* [PROBLEM STATEMENT] What is wanted is every record, duplicated word for word.
::::::
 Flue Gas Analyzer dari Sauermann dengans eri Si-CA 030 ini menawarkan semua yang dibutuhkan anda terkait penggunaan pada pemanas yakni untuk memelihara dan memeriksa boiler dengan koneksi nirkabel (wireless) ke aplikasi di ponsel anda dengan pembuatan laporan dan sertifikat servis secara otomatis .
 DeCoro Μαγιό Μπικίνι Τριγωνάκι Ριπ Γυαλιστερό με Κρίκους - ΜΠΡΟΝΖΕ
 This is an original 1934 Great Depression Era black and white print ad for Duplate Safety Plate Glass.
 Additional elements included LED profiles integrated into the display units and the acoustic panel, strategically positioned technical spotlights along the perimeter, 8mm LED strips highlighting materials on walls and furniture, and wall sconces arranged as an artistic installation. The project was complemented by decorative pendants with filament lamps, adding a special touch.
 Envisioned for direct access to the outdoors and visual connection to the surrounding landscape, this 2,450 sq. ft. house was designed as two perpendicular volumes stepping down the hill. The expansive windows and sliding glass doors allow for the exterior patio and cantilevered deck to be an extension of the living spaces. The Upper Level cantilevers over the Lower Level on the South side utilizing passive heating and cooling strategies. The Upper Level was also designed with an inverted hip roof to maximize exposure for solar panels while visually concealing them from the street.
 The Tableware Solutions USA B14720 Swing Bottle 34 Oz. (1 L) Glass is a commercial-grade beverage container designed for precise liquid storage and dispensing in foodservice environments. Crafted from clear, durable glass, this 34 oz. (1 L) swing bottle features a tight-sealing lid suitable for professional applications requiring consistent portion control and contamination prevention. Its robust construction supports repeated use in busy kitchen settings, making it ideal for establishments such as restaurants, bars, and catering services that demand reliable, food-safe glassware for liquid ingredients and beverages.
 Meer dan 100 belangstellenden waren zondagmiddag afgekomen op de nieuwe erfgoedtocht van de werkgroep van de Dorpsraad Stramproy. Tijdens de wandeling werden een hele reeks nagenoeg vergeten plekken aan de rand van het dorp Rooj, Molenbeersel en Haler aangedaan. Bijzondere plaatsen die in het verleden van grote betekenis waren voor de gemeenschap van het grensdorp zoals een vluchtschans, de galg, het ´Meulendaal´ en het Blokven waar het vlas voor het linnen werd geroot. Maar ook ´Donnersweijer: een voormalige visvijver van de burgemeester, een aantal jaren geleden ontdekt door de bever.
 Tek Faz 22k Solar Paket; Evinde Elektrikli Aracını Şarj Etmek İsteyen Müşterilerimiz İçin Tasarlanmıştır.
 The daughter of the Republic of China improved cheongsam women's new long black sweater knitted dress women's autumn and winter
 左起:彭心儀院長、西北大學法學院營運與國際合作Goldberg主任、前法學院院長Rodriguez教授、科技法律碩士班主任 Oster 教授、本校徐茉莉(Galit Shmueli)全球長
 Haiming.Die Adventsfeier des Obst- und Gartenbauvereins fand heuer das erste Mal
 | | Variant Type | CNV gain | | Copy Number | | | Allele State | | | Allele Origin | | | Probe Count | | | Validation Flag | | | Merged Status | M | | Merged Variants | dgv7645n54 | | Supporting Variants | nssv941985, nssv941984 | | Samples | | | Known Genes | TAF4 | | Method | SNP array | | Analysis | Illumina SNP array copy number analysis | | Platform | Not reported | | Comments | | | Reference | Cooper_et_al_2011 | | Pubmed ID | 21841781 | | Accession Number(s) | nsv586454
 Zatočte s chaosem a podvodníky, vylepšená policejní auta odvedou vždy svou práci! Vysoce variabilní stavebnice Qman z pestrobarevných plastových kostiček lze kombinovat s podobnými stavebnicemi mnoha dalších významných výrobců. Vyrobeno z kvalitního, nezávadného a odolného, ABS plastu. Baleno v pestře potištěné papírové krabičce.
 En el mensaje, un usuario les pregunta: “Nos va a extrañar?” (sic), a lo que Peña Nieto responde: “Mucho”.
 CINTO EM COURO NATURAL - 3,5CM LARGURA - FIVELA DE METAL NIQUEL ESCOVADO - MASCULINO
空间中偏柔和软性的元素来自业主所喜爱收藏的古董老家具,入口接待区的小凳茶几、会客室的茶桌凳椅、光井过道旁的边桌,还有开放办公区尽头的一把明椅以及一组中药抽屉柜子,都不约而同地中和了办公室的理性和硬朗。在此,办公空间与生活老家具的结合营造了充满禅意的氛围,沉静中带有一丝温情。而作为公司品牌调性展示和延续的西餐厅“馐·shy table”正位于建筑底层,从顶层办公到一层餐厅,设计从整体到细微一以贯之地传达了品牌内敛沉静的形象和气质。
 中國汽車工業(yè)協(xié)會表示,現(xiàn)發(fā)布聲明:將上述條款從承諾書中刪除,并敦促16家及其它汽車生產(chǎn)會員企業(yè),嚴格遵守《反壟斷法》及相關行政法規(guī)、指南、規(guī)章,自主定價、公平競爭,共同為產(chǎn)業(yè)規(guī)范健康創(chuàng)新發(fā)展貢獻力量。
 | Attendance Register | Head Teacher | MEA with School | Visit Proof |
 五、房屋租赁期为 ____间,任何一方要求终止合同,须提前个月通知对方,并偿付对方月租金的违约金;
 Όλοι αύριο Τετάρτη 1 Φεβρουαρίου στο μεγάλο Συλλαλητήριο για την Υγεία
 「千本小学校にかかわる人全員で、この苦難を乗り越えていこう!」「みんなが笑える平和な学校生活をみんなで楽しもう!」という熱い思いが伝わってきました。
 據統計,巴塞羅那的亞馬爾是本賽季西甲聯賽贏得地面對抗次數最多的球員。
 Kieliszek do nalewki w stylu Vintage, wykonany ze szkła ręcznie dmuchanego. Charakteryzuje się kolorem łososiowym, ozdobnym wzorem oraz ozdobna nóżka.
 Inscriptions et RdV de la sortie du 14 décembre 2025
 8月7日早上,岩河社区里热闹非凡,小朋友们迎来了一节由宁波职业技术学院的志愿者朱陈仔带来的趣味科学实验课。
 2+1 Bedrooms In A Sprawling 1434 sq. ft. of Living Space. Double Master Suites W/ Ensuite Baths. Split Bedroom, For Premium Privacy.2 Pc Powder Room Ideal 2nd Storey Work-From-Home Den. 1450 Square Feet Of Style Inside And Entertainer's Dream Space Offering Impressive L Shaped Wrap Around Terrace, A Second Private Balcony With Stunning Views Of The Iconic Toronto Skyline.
::::::
* [SOLUTION TO THIS PROBLEM]
 Flue Gas Analyzer dari Sauermann dengans eri Si-CA 030 ini menawarkan semua yang dibutuhkan anda terkait penggunaan pada pemanas yakni untuk memelihara dan memeriksa boiler dengan koneksi nirkabel (wireless) ke aplikasi di ponsel anda dengan pembuatan laporan dan sertifikat servis secara otomatis .
 DeCoro Μαγιό Μπικίνι Τριγωνάκι Ριπ Γυαλιστερό με Κρίκους - ΜΠΡΟΝΖΕ
 This is an original 1934 Great Depression Era black and white print ad for Duplate Safety Plate Glass.
 Additional elements included LED profiles integrated into the display units and the acoustic panel, strategically positioned technical spotlights along the perimeter, 8mm LED strips highlighting materials on walls and furniture, and wall sconces arranged as an artistic installation. The project was complemented by decorative pendants with filament lamps, adding a special touch.
 Envisioned for direct access to the outdoors and visual connection to the surrounding landscape, this 2,450 sq. ft. house was designed as two perpendicular volumes stepping down the hill. The expansive windows and sliding glass doors allow for the exterior patio and cantilevered deck to be an extension of the living spaces. The Upper Level cantilevers over the Lower Level on the South side utilizing passive heating and cooling strategies. The Upper Level was also designed with an inverted hip roof to maximize exposure for solar panels while visually concealing them from the street.
 The Tableware Solutions USA B14720 Swing Bottle 34 Oz. (1 L) Glass is a commercial-grade beverage container designed for precise liquid storage and dispensing in foodservice environments. Crafted from clear, durable glass, this 34 oz. (1 L) swing bottle features a tight-sealing lid suitable for professional applications requiring consistent portion control and contamination prevention. Its robust construction supports repeated use in busy kitchen settings, making it ideal for establishments such as restaurants, bars, and catering services that demand reliable, food-safe glassware for liquid ingredients and beverages.
 Meer dan 100 belangstellenden waren zondagmiddag afgekomen op de nieuwe erfgoedtocht van de werkgroep van de Dorpsraad Stramproy. Tijdens de wandeling werden een hele reeks nagenoeg vergeten plekken aan de rand van het dorp Rooj, Molenbeersel en Haler aangedaan. Bijzondere plaatsen die in het verleden van grote betekenis waren voor de gemeenschap van het grensdorp zoals een vluchtschans, de galg, het ´Meulendaal´ en het Blokven waar het vlas voor het linnen werd geroot. Maar ook ´Donnersweijer: een voormalige visvijver van de burgemeester, een aantal jaren geleden ontdekt door de bever.
 Tek Faz 22k Solar Paket; Evinde Elektrikli Aracını Şarj Etmek İsteyen Müşterilerimiz İçin Tasarlanmıştır.
 The daughter of the Republic of China improved cheongsam women's new long black sweater knitted dress women's autumn and winter
 左起:彭心儀院長、西北大學法學院營運與國際合作Goldberg主任、前法學院院長Rodriguez教授、科技法律碩士班主任 Oster 教授、本校徐茉莉(Galit Shmueli)全球長
 Haiming.Die Adventsfeier des Obst- und Gartenbauvereins fand heuer das erste Mal
 | | Variant Type | CNV gain | | Copy Number | | | Allele State | | | Allele Origin | | | Probe Count | | | Validation Flag | | | Merged Status | M | | Merged Variants | dgv7645n54 | | Supporting Variants | nssv941985, nssv941984 | | Samples | | | Known Genes | TAF4 | | Method | SNP array | | Analysis | Illumina SNP array copy number analysis | | Platform | Not reported | | Comments | | | Reference | Cooper_et_al_2011 | | Pubmed ID | 21841781 | | Accession Number(s) | nsv586454
 Zatočte s chaosem a podvodníky, vylepšená policejní auta odvedou vždy svou práci! Vysoce variabilní stavebnice Qman z pestrobarevných plastových kostiček lze kombinovat s podobnými stavebnicemi mnoha dalších významných výrobců. Vyrobeno z kvalitního, nezávadného a odolného, ABS plastu. Baleno v pestře potištěné papírové krabičce.
 En el mensaje, un usuario les pregunta: “Nos va a extrañar?” (sic), a lo que Peña Nieto responde: “Mucho”.
 CINTO EM COURO NATURAL - 3,5CM LARGURA - FIVELA DE METAL NIQUEL ESCOVADO - MASCULINO
空间中偏柔和软性的元素来自业主所喜爱收藏的古董老家具,入口接待区的小凳茶几、会客室的茶桌凳椅、光井过道旁的边桌,还有开放办公区尽头的一把明椅以及一组中药抽屉柜子,都不约而同地中和了办公室的理性和硬朗。在此,办公空间与生活老家具的结合营造了充满禅意的氛围,沉静中带有一丝温情。而作为公司品牌调性展示和延续的西餐厅“馐·shy table”正位于建筑底层,从顶层办公到一层餐厅,设计从整体到细微一以贯之地传达了品牌内敛沉静的形象和气质。
 中國汽車工業(yè)協(xié)會表示,現(xiàn)發(fā)布聲明:將上述條款從承諾書中刪除,并敦促16家及其它汽車生產(chǎn)會員企業(yè),嚴格遵守《反壟斷法》及相關行政法規(guī)、指南、規(guī)章,自主定價、公平競爭,共同為產(chǎn)業(yè)規(guī)范健康創(chuàng)新發(fā)展貢獻力量。
 | Attendance Register | Head Teacher | MEA with School | Visit Proof |
 五、房屋租赁期为 ____间,任何一方要求终止合同,须提前个月通知对方,并偿付对方月租金的违约金;
 Όλοι αύριο Τετάρτη 1 Φεβρουαρίου στο μεγάλο Συλλαλητήριο για την Υγεία
 「千本小学校にかかわる人全員で、この苦難を乗り越えていこう!」「みんなが笑える平和な学校生活をみんなで楽しもう!」という熱い思いが伝わってきました。
 據統計,巴塞羅那的亞馬爾是本賽季西甲聯賽贏得地面對抗次數最多的球員。
 Kieliszek do nalewki w stylu Vintage, wykonany ze szkła ręcznie dmuchanego. Charakteryzuje się kolorem łososiowym, ozdobnym wzorem oraz ozdobna nóżka.
 Inscriptions et RdV de la sortie du 14 décembre 2025
 8月7日早上,岩河社区里热闹非凡,小朋友们迎来了一节由宁波职业技术学院的志愿者朱陈仔带来的趣味科学实验课。
 2+1 Bedrooms In A Sprawling 1434 sq. ft. of Living Space. Double Master Suites W/ Ensuite Baths. Split Bedroom, For Premium Privacy.2 Pc Powder Room Ideal 2nd Storey Work-From-Home Den. 1450 Square Feet Of Style Inside And Entertainer's Dream Space Offering Impressive L Shaped Wrap Around Terrace, A Second Private Balcony With Stunning Views Of The Iconic Toronto Skyline.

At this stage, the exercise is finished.